Affymax, Inc. (Nasdaq: AFFY) today announced the promotion of Cynthia Smith to vice president, market access and commercial development. Ms. Smith, who has 15 years of experience in healthcare market access strategies, joined Affymax in October 2008 as executive director, public policy, payer strategy, and operations.

"Cynthia has made significant contributions to Affymax over the last three years, helping to build and provide leadership to Affymax’s commercial organization, particularly as it relates to reimbursement and payer strategy," said Jeffrey Knapp, chief commercial officer of Affymax. "She has been instrumental in building relationships with key government and advocacy organizations. These relationships, together with her knowledge and expertise in market access strategies will be invaluable to our success as we prepare for the potential approval and commercialization of peginesatide, an investigational drug under FDA review for the treatment of anemia in chronic kidney disease patients on dialysis."

Prior to joining Affymax, Ms. Smith held various positions at Merck & Co., Inc., including executive director, Medicare and healthcare systems strategy. In that role, she was responsible for Medicare Part D customer strategy and for innovative healthcare delivery and contracting models for Merck’s chronic care product line. She also held management positions in public policy and government affairs. Prior to joining Merck, she was a senior analyst, healthcare policy for the White House Office of Management and Budget. She earned her M.B.A. in finance from the Wharton School of the University of Pennsylvania, an M.S. in public policy from the Eagleton Institute of Politics at Rutgers University and a B.A. in communications from the University of North Carolina, Chapel Hill.

About Affymax, Inc.

Affymax, Inc. is a biopharmaceutical company committed to developing novel drugs to improve the treatment of serious and often life-threatening conditions. For additional information, please visit .

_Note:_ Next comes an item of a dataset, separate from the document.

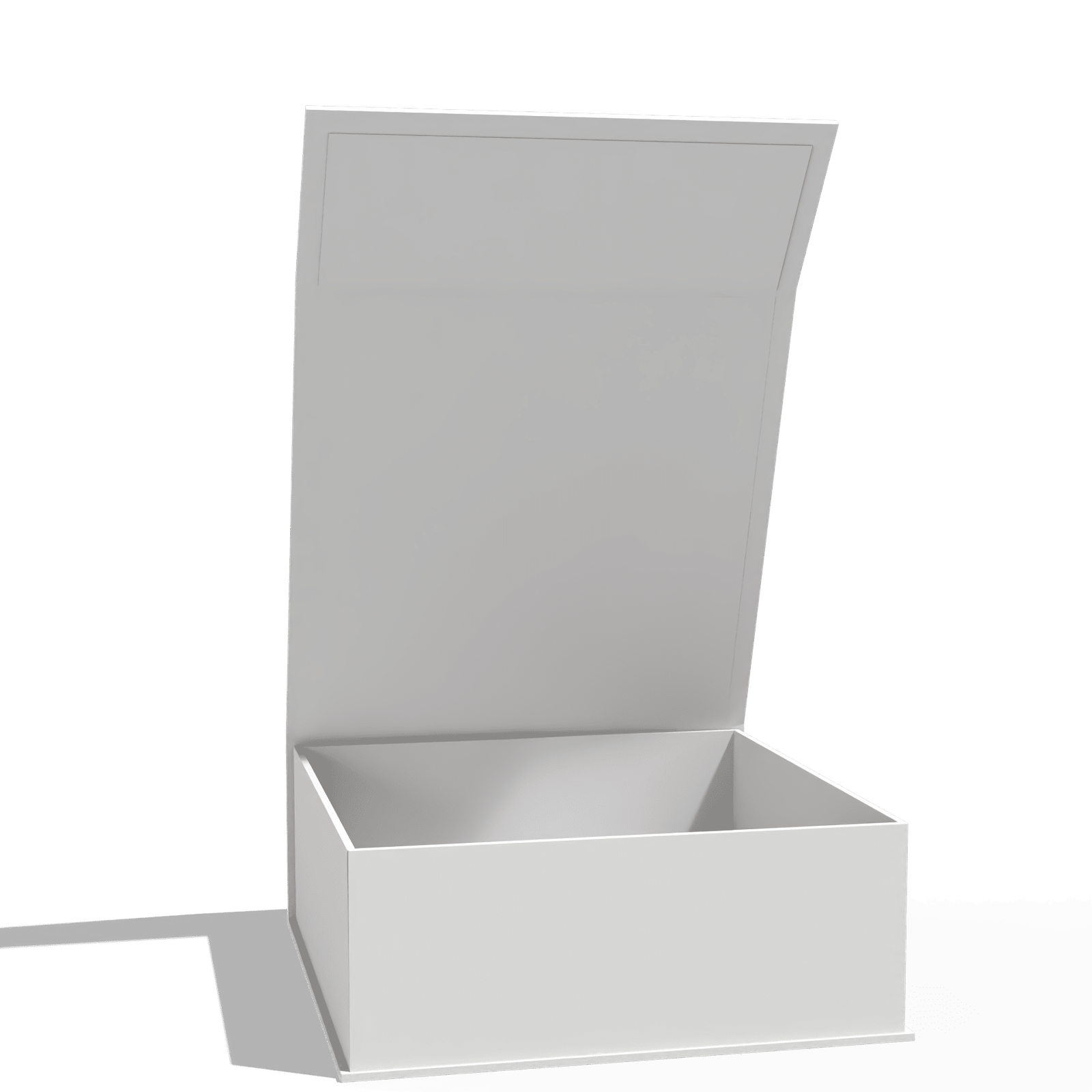 Gift box with attached lid made of cardboard of customizable thickness, dimensions 28 x 20 x 10 cm, ideal for wrapping gifts and accessories. The white color gives a modern, elegant look that exudes luxury, while the coated surface allows for high-quality printing or the addition of special touches such as gold foil or embossing. We also offer full customization in colors and sizes, with the ability to add your logo to make the box part of the luxurious gifting experience.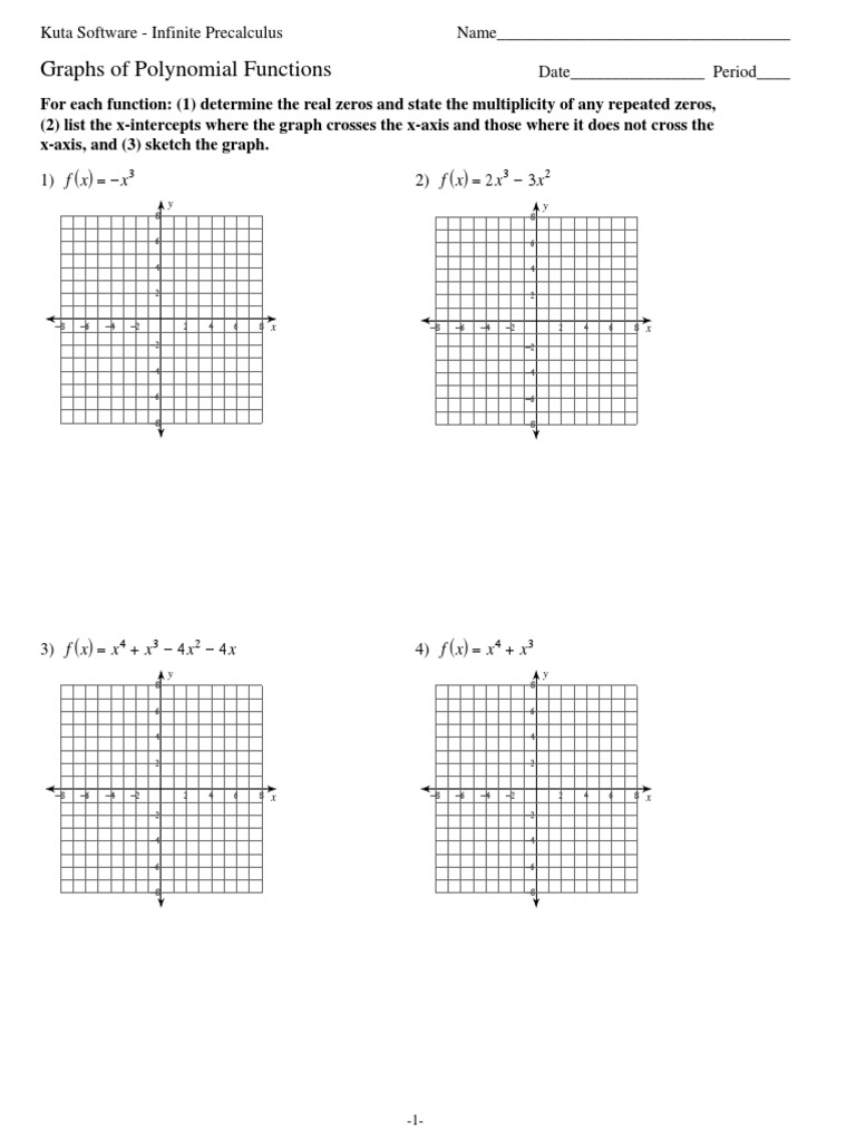Graphing polynomials is an important skill in algebra and calculus. It helps us visualize the behavior of polynomial functions and understand their properties. One way to practice graphing polynomials is by using worksheets that provide various polynomial equations to graph. These worksheets typically include instructions on how to graph the polynomials and may also include questions to test your understanding of the concepts.

This release contains forward-looking statements, including statements regarding the timing and potential for the Food and Drug Administration (FDA) approval of the New Drug Application (NDA) for peginesatide and the timing, design and progress of the peginesatide development program. Affymax's actual results may differ materially from those indicated in these forward-looking statements due to risks and uncertainties, including risks relating to the FDA approval of the NDA, risks relating to regulatory requirements, including pre-or post-marketing studies and Risk Evaluation and Mitigation Strategy (REMS), in particular the FDA's interpretation and review of the data in the NDA including issues related to the subgroup analyses in non-dialysis, study design, the completeness of the NDA, including data quality and integrity in our non-inferiority designed trials, the continued safety and efficacy of peginesatide in clinical development, the timing of patient accrual in ongoing and planned clinical studies, research and development efforts, industry and competitive environment, potential delays or additional studies that may be required by the FDA or other regulatory authorities, financing requirements and our ability to access capital and other matters that are described in Affymax's Quarterly Report on Form 10-Q filed with the Securities and Exchange Commission. Investors are cautioned not to place undue reliance on these forward-looking statements, which speak only as of the date of this release. Affymax undertakes no obligation to update any forward-looking statement in this press release.